Now, is not one way to bind public and private interest together, to give the vote to the half of the race whose homemaking interest is affected directly and at innumerable points by governmental action? Home making, it can not be too often insisted, is no longer a purely private undertaking. Its impulse is private now as much as in the olden days when a woman's whole sphere of possible influence and activity was really bounded by the home. In modern times, however, it is by collective action that many home functions must be discharged. Schools and playgrounds, street cleaning, and garbage collection, pure-food laws, and board of health regulationsthese are but a few of the activities whereby the home is ministered to by the municipality, the State, and the Nation. Women as voters may be trusted to find this out and to use this new tool for promoting the well-being of husband and children. As citizens, they will be dealing with matters that make up the warp and woof of their private life.
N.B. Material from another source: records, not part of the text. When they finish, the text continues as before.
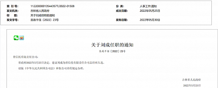5月30日,吉林省人民政府发布通知,省政府2022年5月25日决定,免去刘成的省吉盛资产管理有限责任公司(简称“吉盛公司”)副总经理职务,建议刘成为省信托有限责任公司总经理人选。
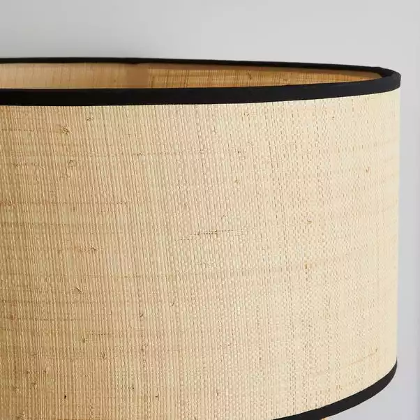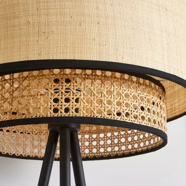 Introducing the stunning Malika Cane 2 Tier Tripod Floor Lamp, featuring a natural coloured shade weaved in raffia and cane material and a black trim for a detailed finish, complete with a Black metal tripod design base for a stylish appearance. The perfect floor lamp for any modern and traditional home.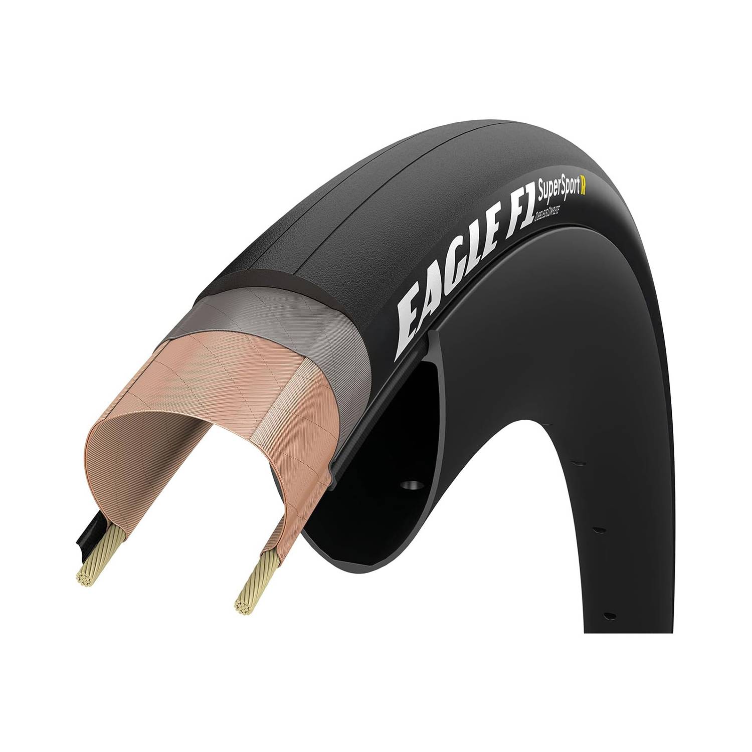 - El Eagle F1 SuperSport R presenta una baja resistencia a la rodadura combinada con un bajo peso y es el neumático de competición ideal para carreras en carretera, contrarreloj y triatlón.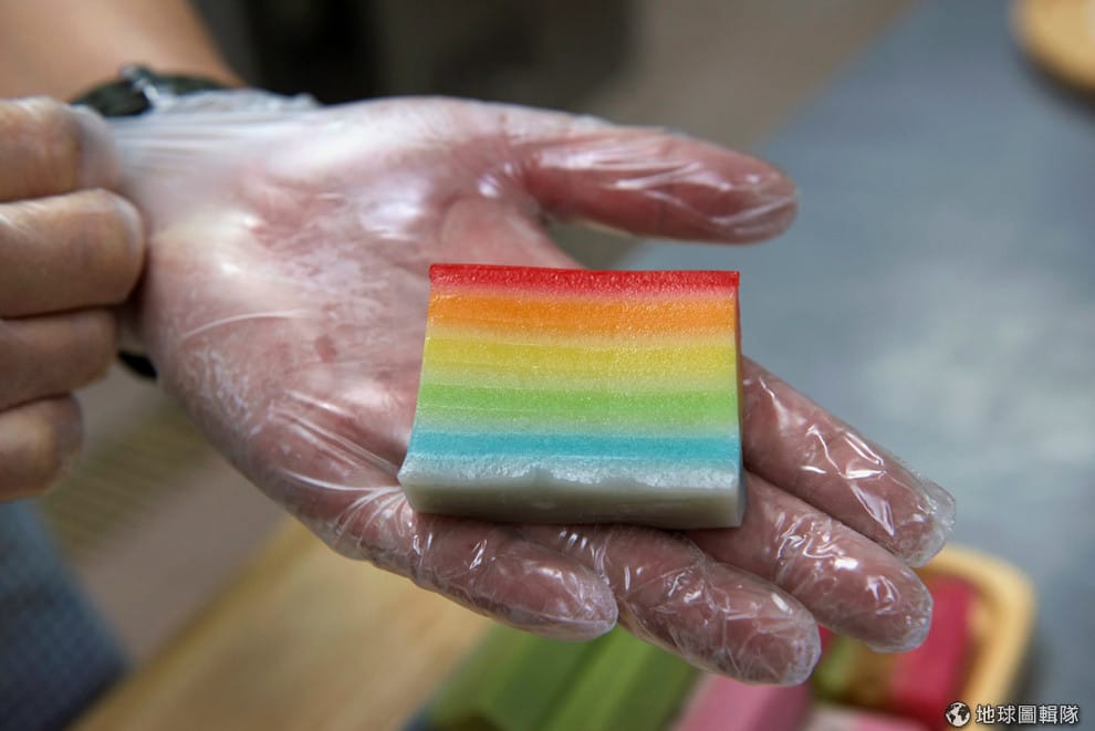 在新加坡,一塊彩虹娘惹糕躺在傳統娘惹糕店HarriAnns第三代經營者Alan Tan的手上。

This intimate relation between the public and the private applies especially to the industrial classes whose civic consciousness it is so important to awaken. The propertied class can buy immunity from the worst penalties of bad government. For working people there is no escape. Their children must attend the public school; they must play in the streets unless public playgrounds are provided; they must drink common water and common milk; they are exposed to all the diseases which the board of health fails to control. And it is not fantastic to expect the average home-loving women may grow to understand this when political responsibility is laid upon them.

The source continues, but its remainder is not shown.